Wednesday, January 6, 2010

Bearcat Wins, Big Ten Rankings, and A Second Chance

I know I haven't posted in a while, but there's a LOT going on in the mascot world right now.
First off, on New Year's Day, it was announced that Bearcat from the University of Cincinnati was the winner of the 2009 Capital One National Mascot of the Year. Congrats to Bearcat and UC! Bill the Goat of Navy was the runner-up, so it was nice to see the service academy do well also. Congrats to all the members of the team. This is the 4th time in the past 5 years that a rookie has ended up winning the title!
Second...huge news for me...my best friend and I are going to the January 25th Purdue women's game against Ohio State. Why is this huge, you ask? Well, not just because it's Purdue, but it's a SECOND CHANCE for me to meet Boomer, the Pacers mascot! He's going to be there along with Freddie Fever and who knows who else for "Mascot Day" at Mackey. I tried last year and came up short, but it's nice to get another opportunity.
Finally, after seeing the Big Ten's great performance in the bowl season, I felt it was only fitting that I rank the Big Ten mascots.

Teams that Do Not Have Mascots:
Illinois - well, not anymore, because they were forced to retire Chief Illiniwek. You can't really replace that.
Indiana - Unless you consider "The Rock" a mascot. I don't. It's something the players touch for luck, like the Terrapin at Maryland or the "Play Like A Champion" sign at Notre Dame.
Michigan - Simply because a wolverine cannot be made kid-friendly (or adult-friendly, for that matter).

1. Herky the Hawk (Iowa)
I just don't understand the hate that some people have. Maybe because yeah, it seems a little simple, but he's been an icon of the school. Plus, there's two different forms. Seriously, what's not to love?

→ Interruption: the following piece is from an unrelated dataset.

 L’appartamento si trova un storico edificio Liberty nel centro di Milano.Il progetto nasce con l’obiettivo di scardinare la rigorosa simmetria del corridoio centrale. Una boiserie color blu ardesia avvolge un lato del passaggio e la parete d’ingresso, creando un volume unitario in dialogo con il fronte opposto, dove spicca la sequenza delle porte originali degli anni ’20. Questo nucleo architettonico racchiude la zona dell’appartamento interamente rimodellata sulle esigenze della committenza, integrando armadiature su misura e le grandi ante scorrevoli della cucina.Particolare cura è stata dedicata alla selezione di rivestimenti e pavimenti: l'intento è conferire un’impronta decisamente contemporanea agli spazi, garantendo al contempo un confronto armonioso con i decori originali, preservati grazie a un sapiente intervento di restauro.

2. Purdue Pete/Boilermaker Special (Purdue)
Slightly biased, but Pete's definitely someone you wouldn't want to mess with - just look at the size of his hammer! Also, the official mascot of the train is definitely cool - and yes, I did get to ride on it during my time there and it's pretty darn sweet.

3. Goldy Gopher (Minnesota)
He can be energetic, especially during basketball games (seriously - watch him behind the basket at Williams Arena), but I also like a lot of the external features, from the buck teeth to the long, flat tail.

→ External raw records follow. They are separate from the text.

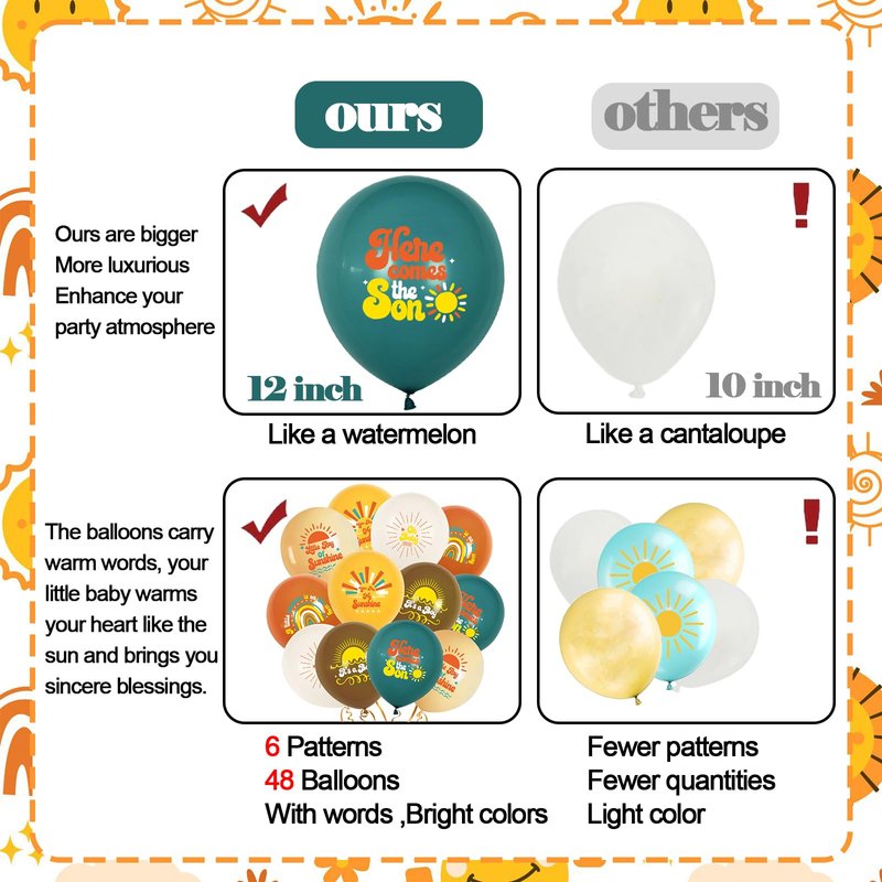 - 【Upgraded Design】Our boho sun balloons are designed with bright colors and attractive sunshine patterns, not only upgraded colors and patterns, but also each style comes with words suitable for boy's baby shower party to make you feel the warmth of the sunshine.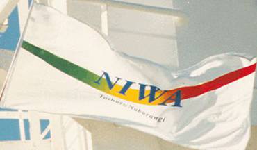 National Institute of Water Atmospheric Research. A Crown research company set up in 1992 as a stand alone company. In 1996 it took over the vessels of the Ministry of Agriculture & Fisheries operating them through NIWA Vessel Management Ltd. The logo is best explained by visual methods with a rainbow format and dark blue lettering including the Maori version of the name and which is placed on the white superstructure but with the small lettering being in black and slightly slanted but not as much as the larger dark blue "NIWA".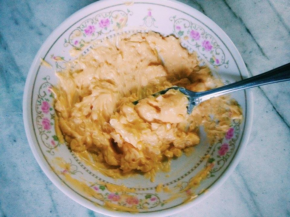 เราไม่มีที่ตีแป้งตีเนยเลยใช้ส้อมแบบบ้านๆนี่แหละ55 บี้ๆกวนๆวนไปวนมาแปปเดียวเนยก็ฟูแล้ว แปปเดียวจริงๆถ้าเนยแข็งๆนี่ตีนานหน่อย แรกๆนี่หนึบหนับเลย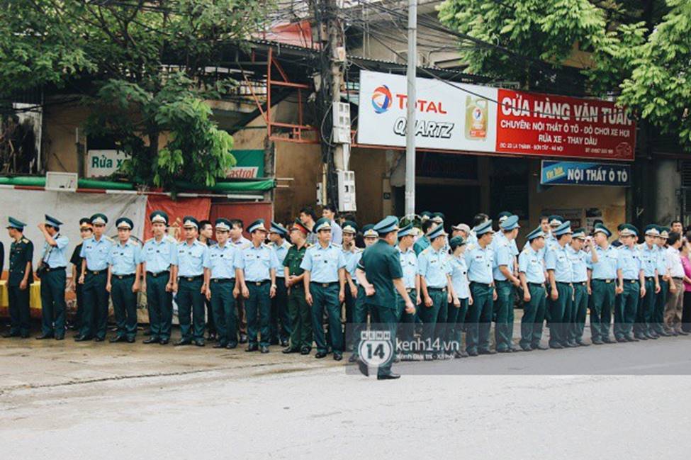 Từ sáng sớm ngày 29/7, hàng trăm chiến sĩ trong các lực lượng đứng trang nghiêm 2 bên đường chờ đoàn xe tang từ nội thành Hà Nội về.

4. Sparty (Michigan State)
Clearly the toughest mascot in the conference. The look alone makes you feel intimidated.

5. Bucky Badger (Wisconsin)
If it weren't for a few others, he'd be lower on the list. He's so cocky, doesn't even look like a badger, and the look on his face is just...weird.

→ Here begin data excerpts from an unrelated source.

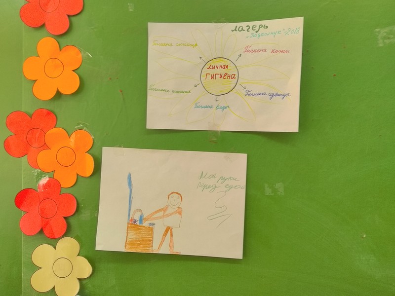 Рисунки «В гостях у МОЙДОДЫРА» разместили на информационной доске в группе отряда «Непоседы».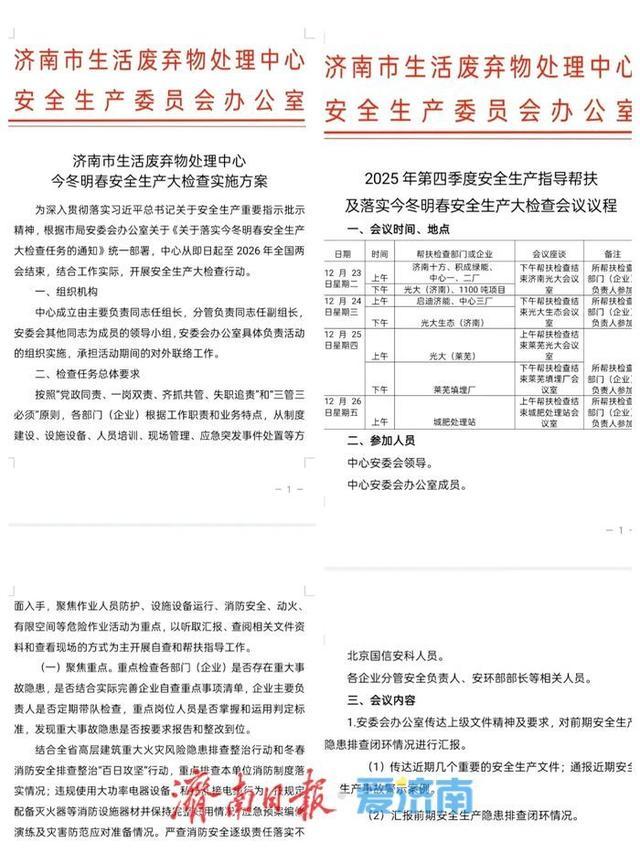 安全无小事,责任大于天。为切实扛起垃圾末端处置领域的安全政治责任,守护城市环境安全生命线,济南市生活废弃物处理中心安全生产委员会于12月23日至26日,启动了覆盖全域的第四季度安全生产指导帮扶暨今冬明春安全生产大检查。联合北京国信安科专家团队深入一线,以“最高标准、最严要求、最实举措”的硬作风,全面打响今冬明春安全防线守护战。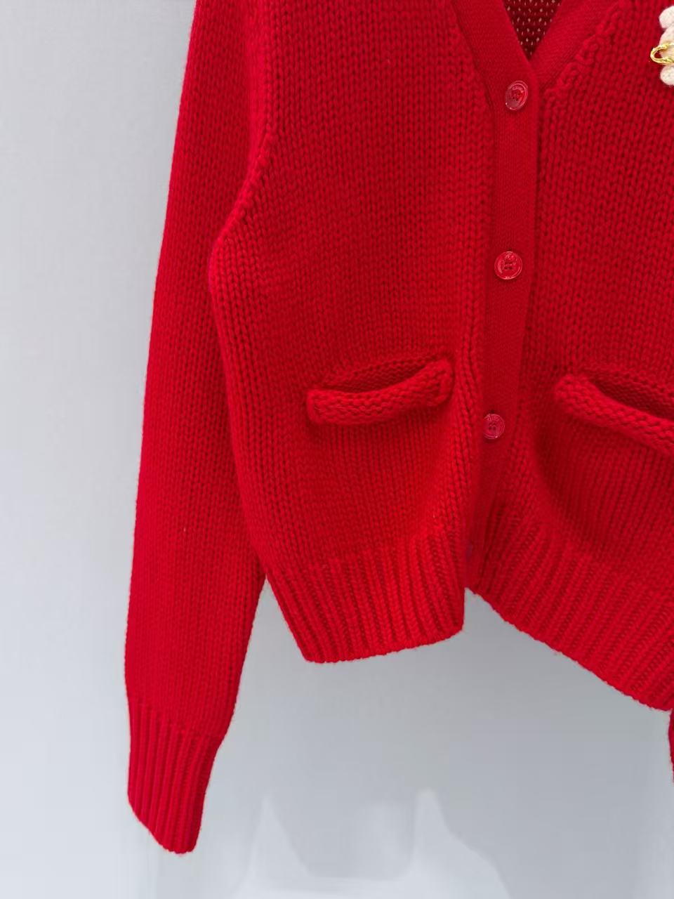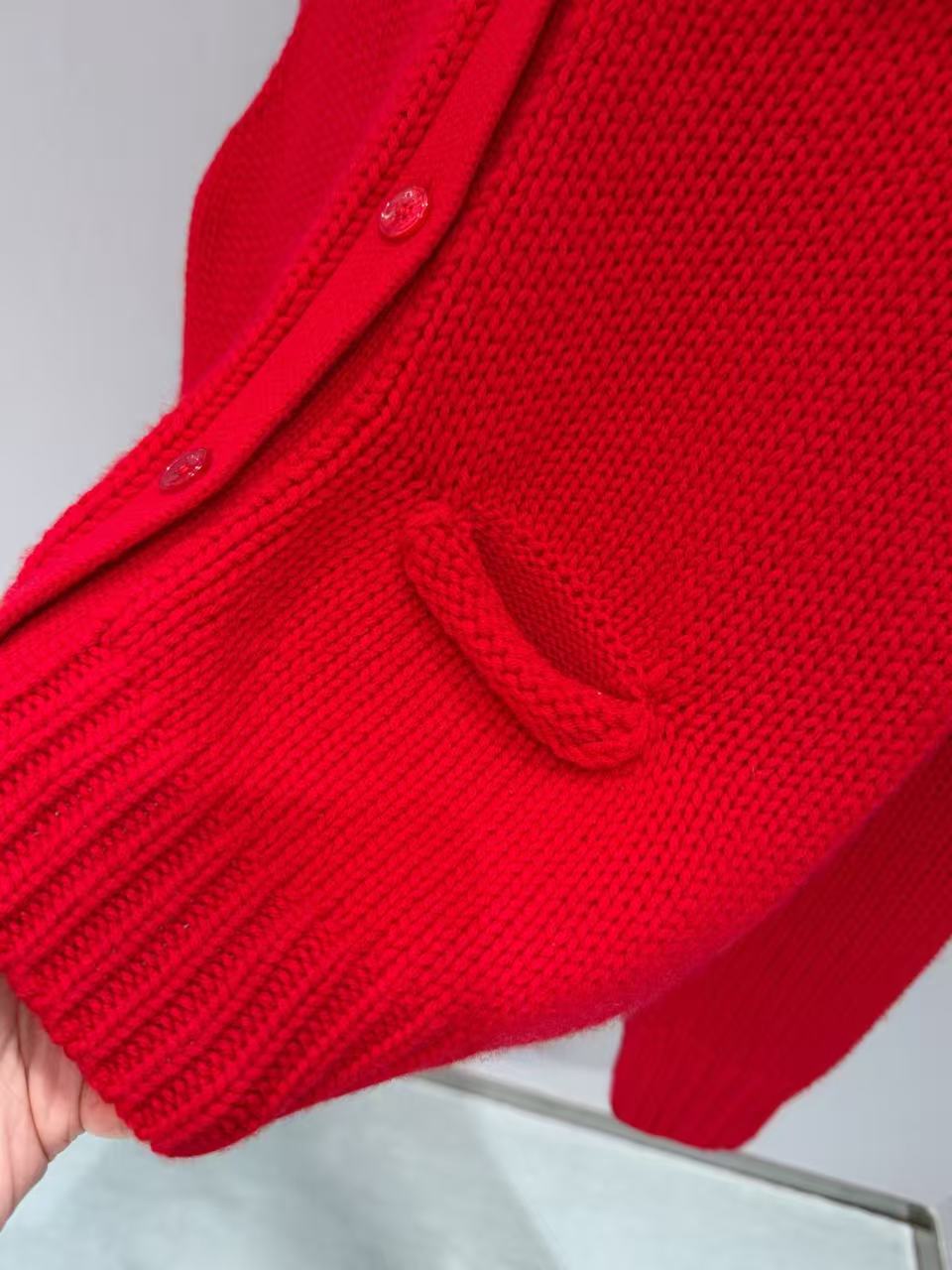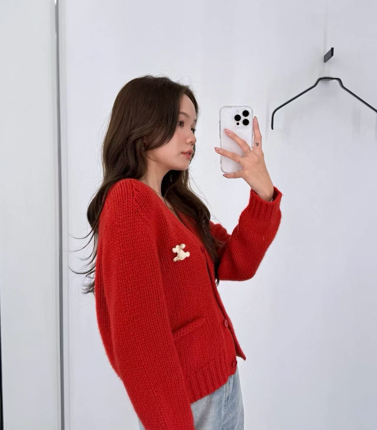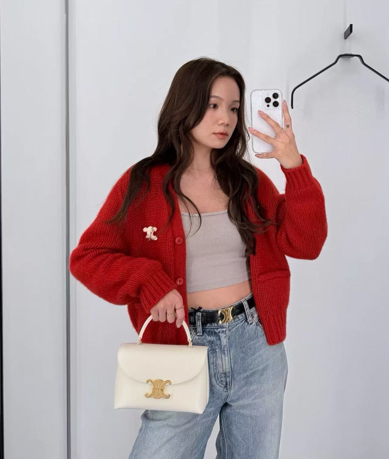 2025秋冬 CE家 紅色V領針織開衫:法式鬆弛感的穿搭秘密武器!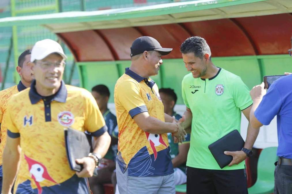 3 / 40Reynaldo Tilguath, entrenador del Génesis, saludando a Víctor Coello, asistente técnico del Marathón.

6. Nittany Lion (Penn State)
He's a lion, and lions are cool...but yet, the costume just screams 'Halloween gone bad'. The tail doesn't even save it.

7. Brutus the Buckeye (Ohio State)
Nuthead. Plain and Simple. Would be the worst if it weren't for...

8. Willie the Way Too Happy Rainbow Sunshine Wildcat (Northwestern)
WHY?! WHY DID YOU CHANGE HIM? It didn't make him better! I like the colors of the school and the logo, but MAN...one of the biggest mascot atrocities out there right now. "I'm all about hugs and candy now! I'm not fierce anymore!" That's what it says. Liked the old version, loathe the new one.